(Dataset entries Opens)

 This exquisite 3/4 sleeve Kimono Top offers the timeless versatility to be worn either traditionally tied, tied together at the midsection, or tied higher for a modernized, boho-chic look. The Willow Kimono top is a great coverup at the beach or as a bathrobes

(Dataset entries Closes)
(Dataset entries Opens)

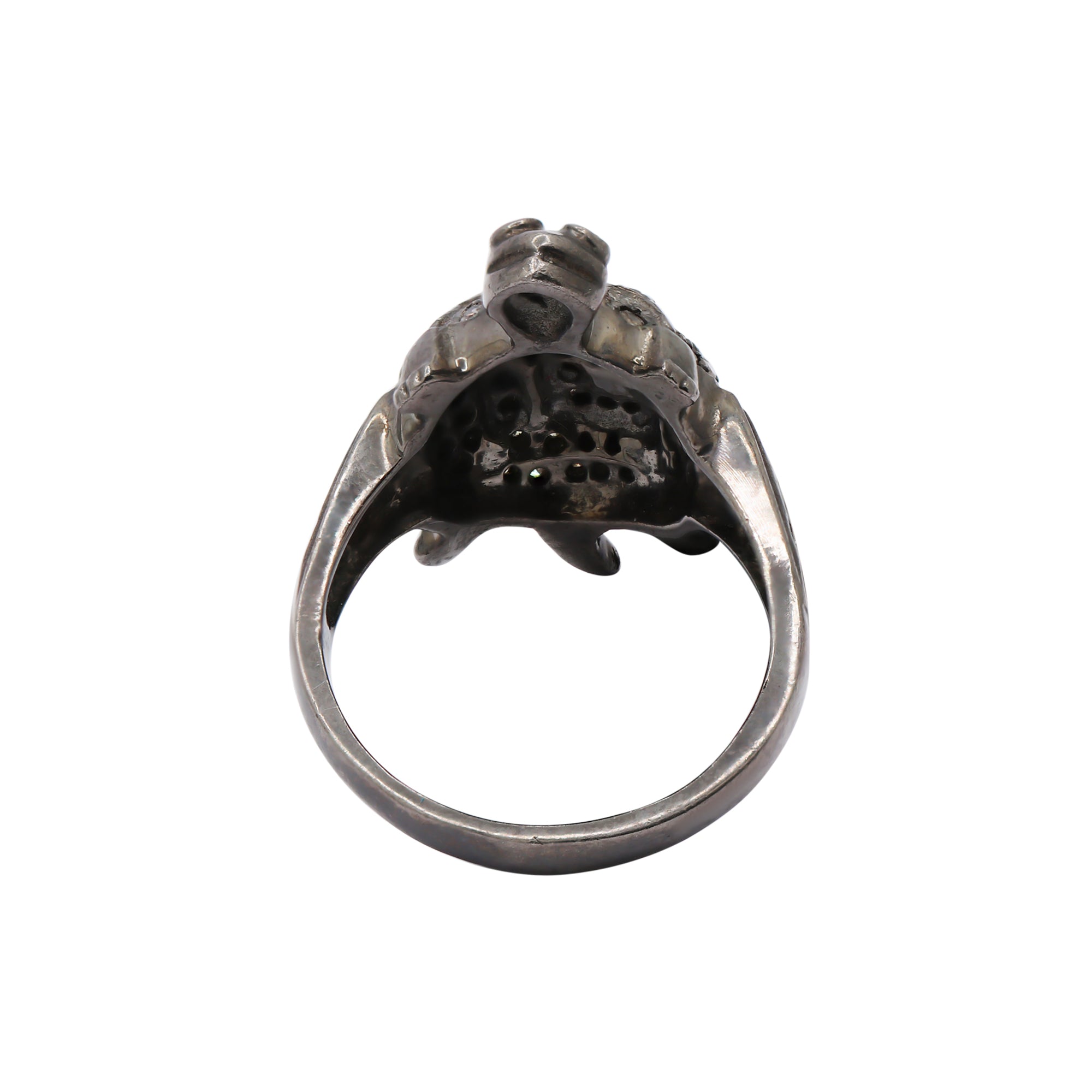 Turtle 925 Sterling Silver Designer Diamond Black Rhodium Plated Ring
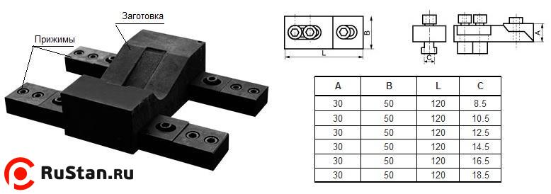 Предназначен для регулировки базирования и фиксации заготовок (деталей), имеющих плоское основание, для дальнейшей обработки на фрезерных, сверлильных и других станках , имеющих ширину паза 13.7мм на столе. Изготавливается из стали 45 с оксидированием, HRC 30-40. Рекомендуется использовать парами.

(Dataset entries Closes)

▶ Exercise: The lines to copy exactly start with the line above that has "Turtle 925 Sterling" and go on through the line that has "Предназначен для регулировки"; please include both, add nothing else, and omit the pictures.

▶ Exercise response:
 Turtle 925 Sterling Silver Designer Diamond Black Rhodium Plated Ring
 Предназначен для регулировки базирования и фиксации заготовок (деталей), имеющих плоское основание, для дальнейшей обработки на фрезерных, сверлильных и других станках , имеющих ширину паза 13.7мм на столе. Изготавливается из стали 45 с оксидированием, HRC 30-40. Рекомендуется использовать парами.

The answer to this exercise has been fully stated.